Sem que saudosismo balofo motive a reflexão, é ido o tempo da poupança, dos bens durarem tempos a fio, serem renovados, adaptados e, durante muito tempo, aproveitados.

Podemos substituir lâmpadas incandescentes por outras de baixo consumo. Preferir a bicicleta e andar a pé. Reciclar embalagens, vidros e papel. Comprar electrodomésticos energeticamente económicos. Porém, ou pensamos a justeza do acto de comprar ou o dispêndio de energia para produzir o bem foi inútil. Gasta. Jamais reposta.

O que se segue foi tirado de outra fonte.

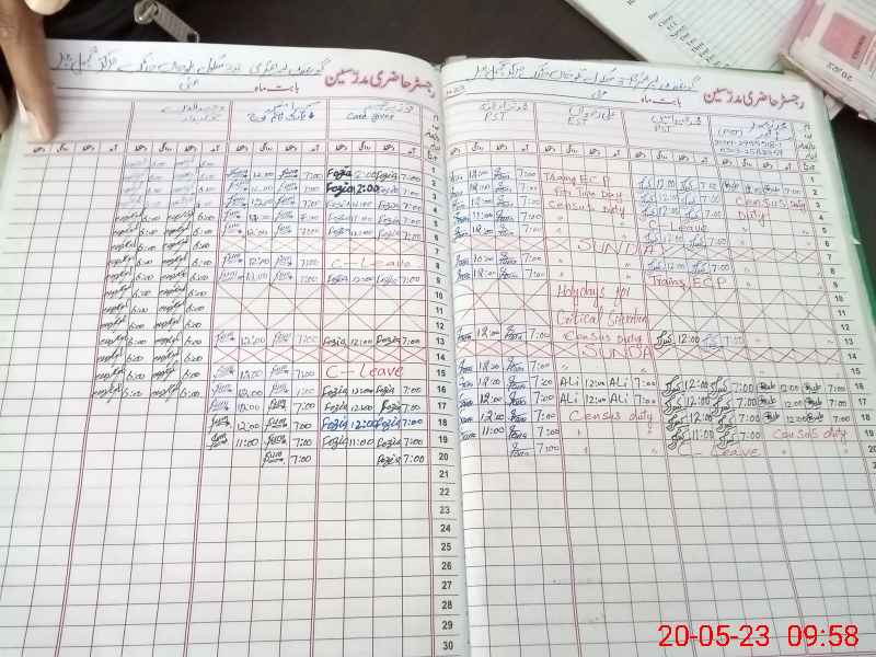 | CNIC | Full Name | Designation | R/C | Absence During Last Calender Month |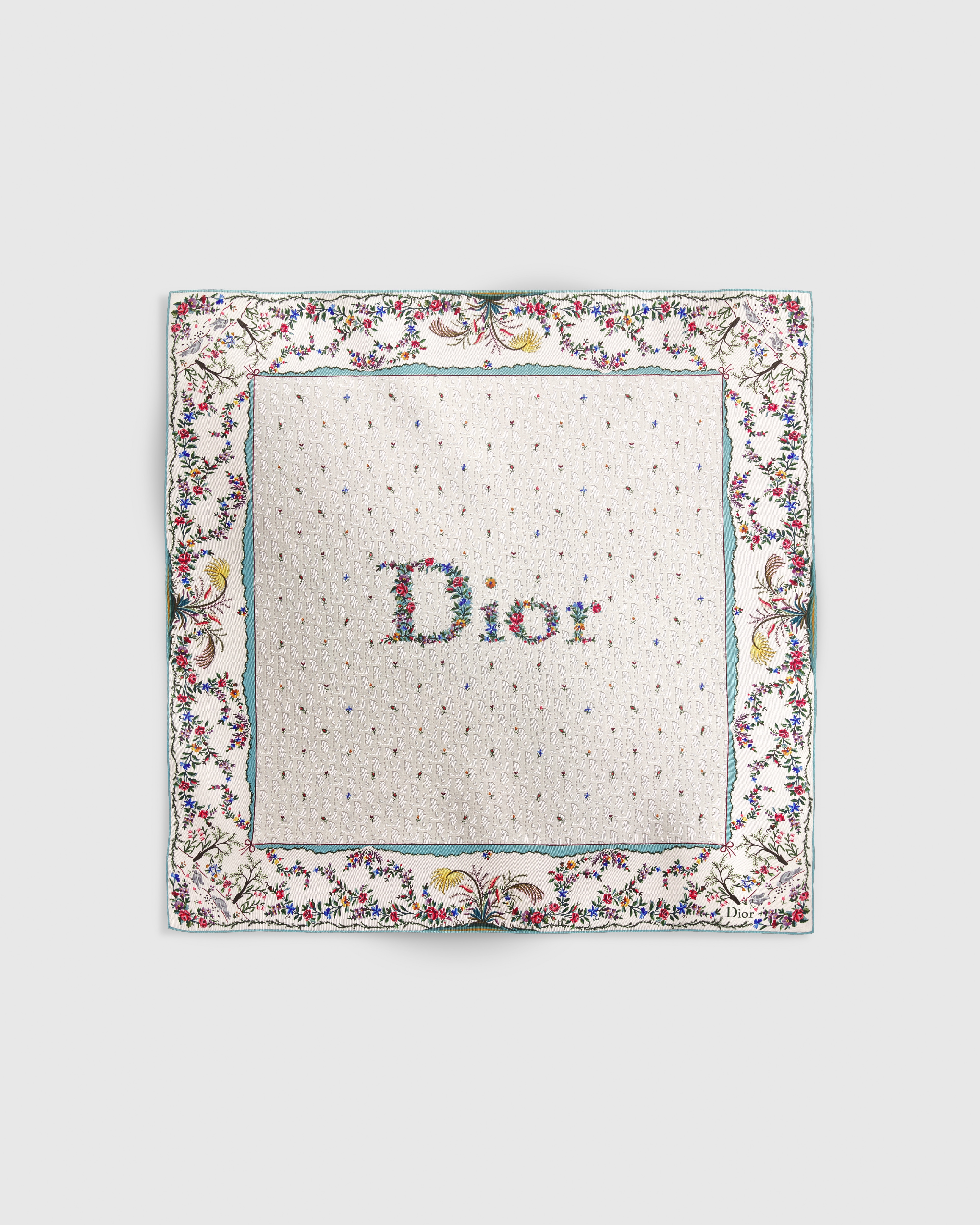 Revolution Flowers 是 Dioramour 限定系列的主要图案,从 18 世纪的刺绣汲取灵感,通过乔纳森·安德森 (Jonathan Anderson) 的现代视角重新演绎,以精致缤纷的花卉生动呈现 Dior 标志,向法国刺绣和精裁传统的历史致敬。采用白色桑蚕丝斜纹面料精心制作,饰以多色图案和手工卷边,点缀以同色调 Oblique 印花和 Dior 标志提升格调。可系在颈部或作为头巾使用,打造时尚的经典造型。可与其他 Dioramour 限定系列单品轻松搭配,打造配套造型。

Publicado por Teresa C. às junho 4, 2009 11:52 AM

Comentários

associando a imagem ao texto, parto em busca do que já pensei (senti?) sobre o assunto e lembro:

- como das fotografias de objectos e pormenores de lugares podem tão bem fotografar a alma de alguém melhor que o seu próprio retrato, assim a colecção ou sortido de pequenos adereços, amuletos, aquilo de que nos não conseguimos livrar vai representando tão vem quem afinal somos...

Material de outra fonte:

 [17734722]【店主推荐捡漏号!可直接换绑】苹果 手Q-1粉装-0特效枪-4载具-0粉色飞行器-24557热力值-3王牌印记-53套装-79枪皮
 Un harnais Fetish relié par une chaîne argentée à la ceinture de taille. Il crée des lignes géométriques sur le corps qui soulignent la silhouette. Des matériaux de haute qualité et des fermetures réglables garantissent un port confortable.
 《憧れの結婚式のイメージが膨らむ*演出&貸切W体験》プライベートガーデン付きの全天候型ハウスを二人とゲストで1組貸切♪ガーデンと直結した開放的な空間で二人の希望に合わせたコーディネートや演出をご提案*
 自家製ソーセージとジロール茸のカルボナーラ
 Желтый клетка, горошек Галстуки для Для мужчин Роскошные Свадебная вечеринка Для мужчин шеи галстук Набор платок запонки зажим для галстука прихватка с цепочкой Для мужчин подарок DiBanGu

- que os libelos contra a sociedade de consumo e a substituição de objectos, artigos e equipamentos pela data e não pela verdadeira validade, que tanto ouvimos e lemos por décadas a fio vem agora talvez em momento desoportuno, pois que a efectivar-se reduzirá a produção, o emprego, a confiança, os índices, o caneco, adiando a recuperação, a superação da crise, o advento dos tempos, afinal felizes, da chapa ganha chapa gasta...

- já para não falar na nem por isso assim tão hipotética desintrustrialização das principais civilizações da humanidade, em que porventura nos poderíamos oferecer mutuamente conchinhas preciosas encontradas à beirAmar, pedrinhas da sorte, da amizade e do oxalá, pétalas da cor do muito amor, folhinhas significativas das árvores do bem querer, por exemplo para marcar livros que haveremos de manuscrever, saborosos desenhos, rabiscos e recados bilhetadinhos em postais e envelopes de confecção própria, camisolinhas de renda para os nossos mais que tudo/a, frases de crochet/ponto de cruz/bordados mil em preceitos de pendurar em paredes que nos guardam e resguardam, ou dádivas de tempo-tesouro em vez de relógios de ouro...

powered pela energia do espírito, renovável, inesgotável e incrementável !!!

ou coisa assim ;->>>

Publicado por: António às junho 4, 2009 03:20 PM

António - que a selecção dos objectos possuídos nos retrata em partes substantivas, confirmo. Que melhor fora respeitar o "statu quo" quando a real e fantasmagórica crise se agiganta é perspectiva fundamentada no real. Pragmatismo sensato. Porém, sem trazer ao quotidiano ideais, como viver?